I actually believe I have gotten used to the heat at this point, or at least as acclimated as could be expected. 
Interesting to note that I have been struggling to keep my sodium level up. I hit a point where I can tell it is low because I'll start sweating super easily, take a quick taste of a forearm and can barely detect the salt. Positive side is I can eat the saltiest foods without much concern it seems.

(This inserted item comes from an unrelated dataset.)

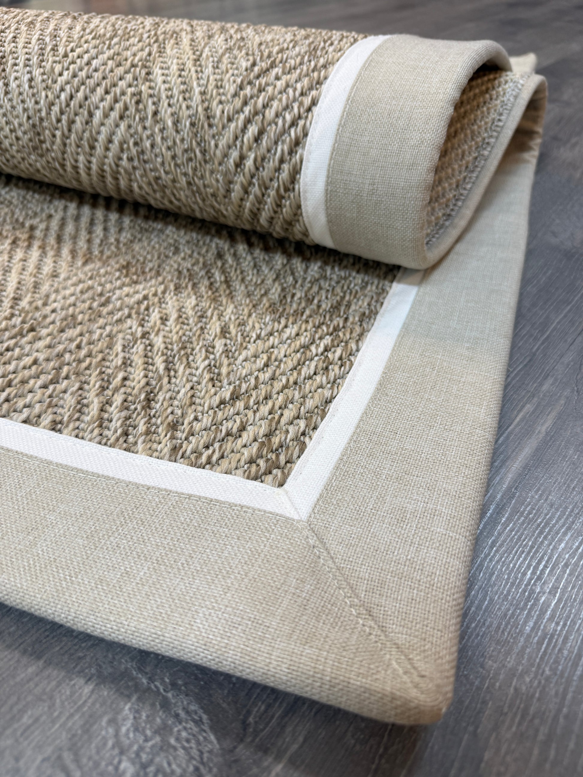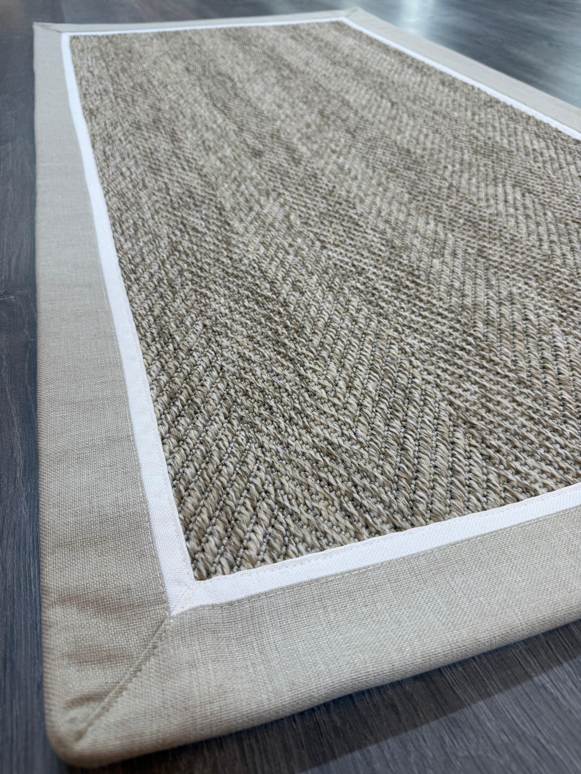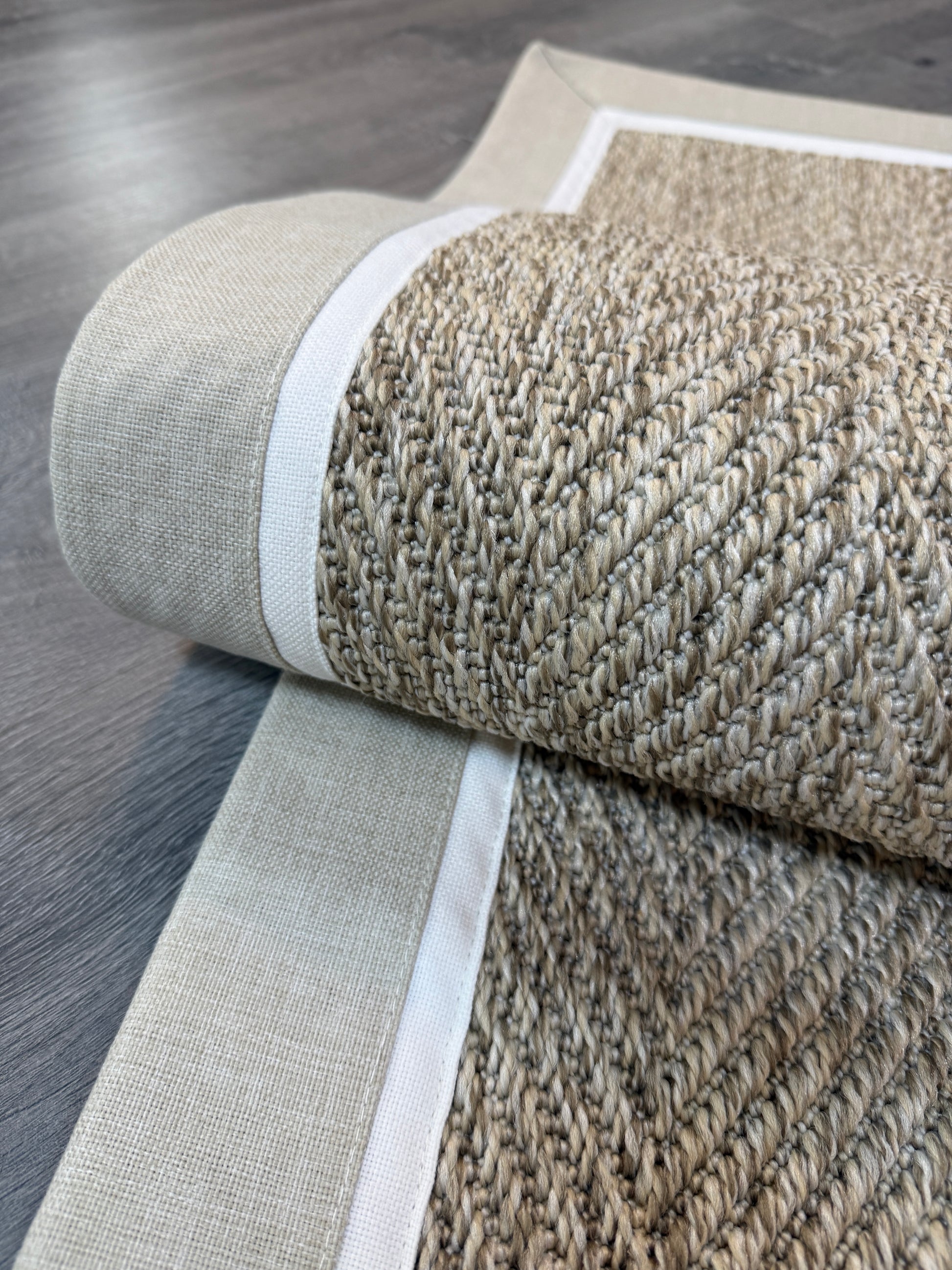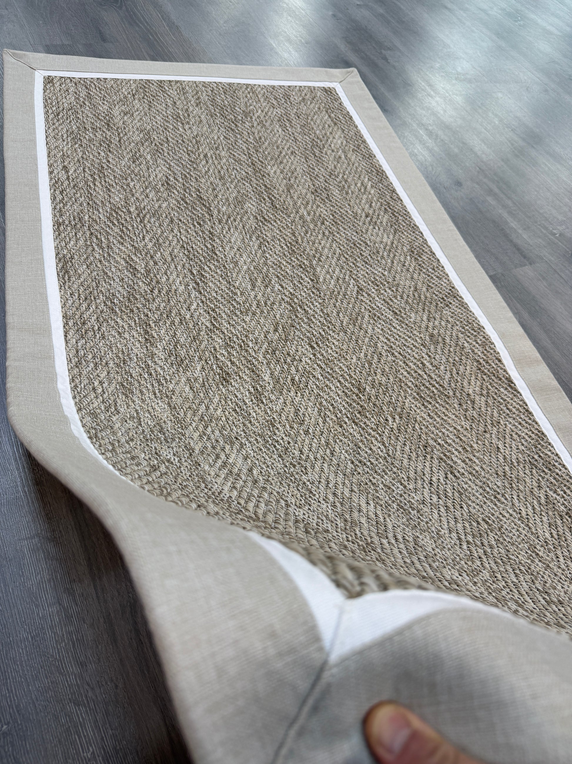 Evinize modern ve dayanıklı bir halı arıyorsanız, bu el yapımı kumaş bordürlü sisal halı tam size göre!
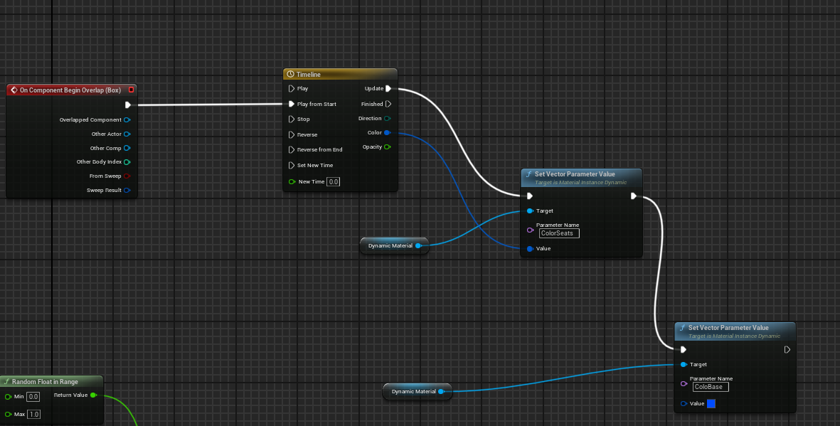 다시 이벤트 그래프로 돌아와서 on component begin overlap 실행핀을 TimeLime의 Play from start에 연결하고 update로 나오는 출력 핀을 set vector parameter value의 실행핀에 연결해준다.

The ice in the jersey pockets is a great trick indeed. Fill a couple thin socks or pantyhose and cram where it suits you--jersey pockets, down your shorts onto your thighs, above your tailbone...good pre-race way to stay somewhat cool while warming up, and as dry as it has been, you don't stay wet for long.

of course now it has rained here in Fort Worth and the humidity blew up, should make the a.m. ride steamy!


----------



## pedalruns (Dec 18, 2002)

Rain!!! I missed my ride this morning, but who cares... Rain! 

Off for a big breakfast.. I'll have to ride extra tomorrow!


----------



## Magsdad (Jun 29, 2005)

pedalruns said:


> Rain!!! I missed my ride this morning, but who cares... Rain!
> 
> Off for a big breakfast.. I'll have to ride extra tomorrow!


I went out this morning @ 7:00 AM and rode in the rain. It was glorious. My intent was to ride @ 2 hours......I just got back. That was fvcking awesome!!!!!!


----------



## jswilson64 (May 20, 2008)

I did the Rockwall Hot Rocks ride (58 miles) on Saturday, the first 25 miles or so in the rain. It was awesome to ride with the temp in the low/mid 80s, and the clouds keeping the sun away, I didn't even mind the rain! Ok, I didn't mind much. It's totally worth the bath and relube my bike will get tomorrow evening.


----------



## ssm-gd3 (Aug 8, 2010)

if anyone in austin wants to try to ride, i'm down for early morning around 6-7am starting around 360 north. i feel like i need a group to get motivated...


----------



## locustfist (Feb 21, 2009)

Right now I'm keeping it under 40 minutes if I have to ride in the afternoon. The mornings aren't terrible. It's not hitting 90 in austin until 10-10:30


----------



## xrayjay (Feb 21, 2010)

The heat is really taking it's toll on me. I actually got dehydrated a few weeks ago and ended up cramping all afternoon. My electrolytes were shot. Until the heat breaks, I'm limiting my rides to under 2 hours and focusing on hydration and electrolytes for a full 24 hours before I ride. 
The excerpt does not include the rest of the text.